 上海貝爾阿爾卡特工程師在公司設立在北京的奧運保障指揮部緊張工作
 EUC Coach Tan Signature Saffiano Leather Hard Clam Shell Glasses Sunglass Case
==
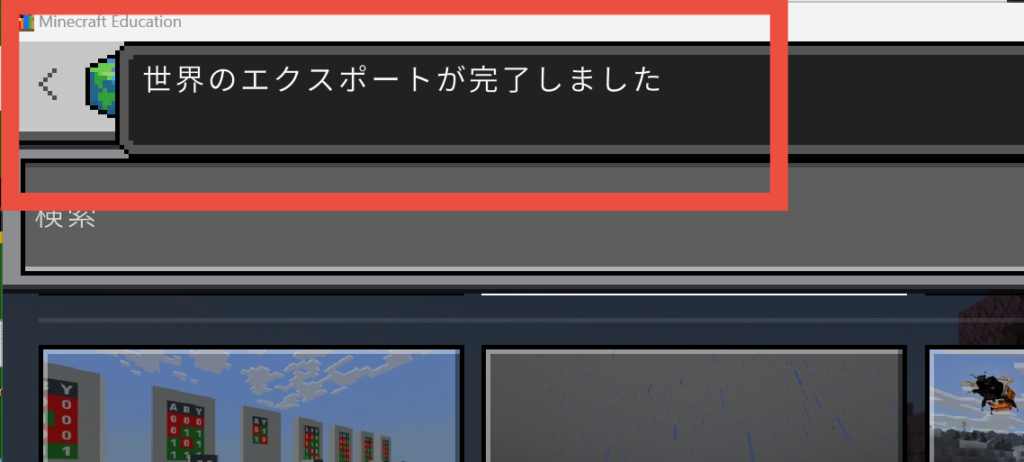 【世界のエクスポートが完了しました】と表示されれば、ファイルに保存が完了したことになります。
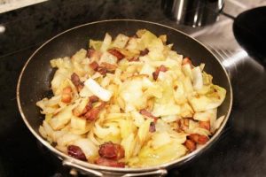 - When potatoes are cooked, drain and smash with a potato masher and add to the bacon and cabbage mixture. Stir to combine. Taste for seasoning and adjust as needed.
--
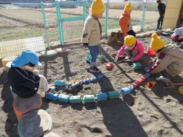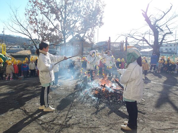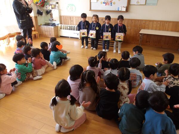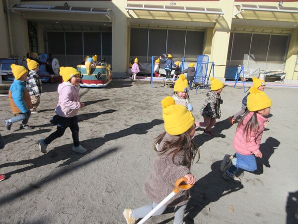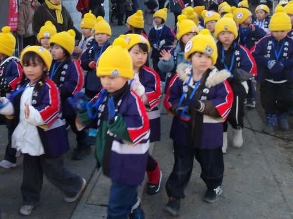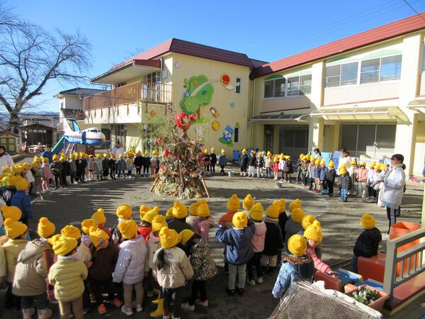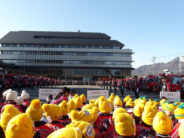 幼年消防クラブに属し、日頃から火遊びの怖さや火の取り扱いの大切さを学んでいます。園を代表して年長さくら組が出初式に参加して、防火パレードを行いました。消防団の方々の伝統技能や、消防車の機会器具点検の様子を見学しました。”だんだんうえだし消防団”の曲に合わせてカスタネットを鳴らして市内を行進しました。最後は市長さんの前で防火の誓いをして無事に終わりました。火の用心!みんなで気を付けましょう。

DIRECTIONS -> Starting with the line with "上海貝爾阿爾卡特工程師在公司設立在北京的奧運保障指揮部緊張工作" above and going on through the line with "EUC Coach Tan", transcribe every line exactly, both ends included, and add nothing.

PROBLEM SOLUTION ->
 上海貝爾阿爾卡特工程師在公司設立在北京的奧運保障指揮部緊張工作
 EUC Coach Tan Signature Saffiano Leather Hard Clam Shell Glasses Sunglass Case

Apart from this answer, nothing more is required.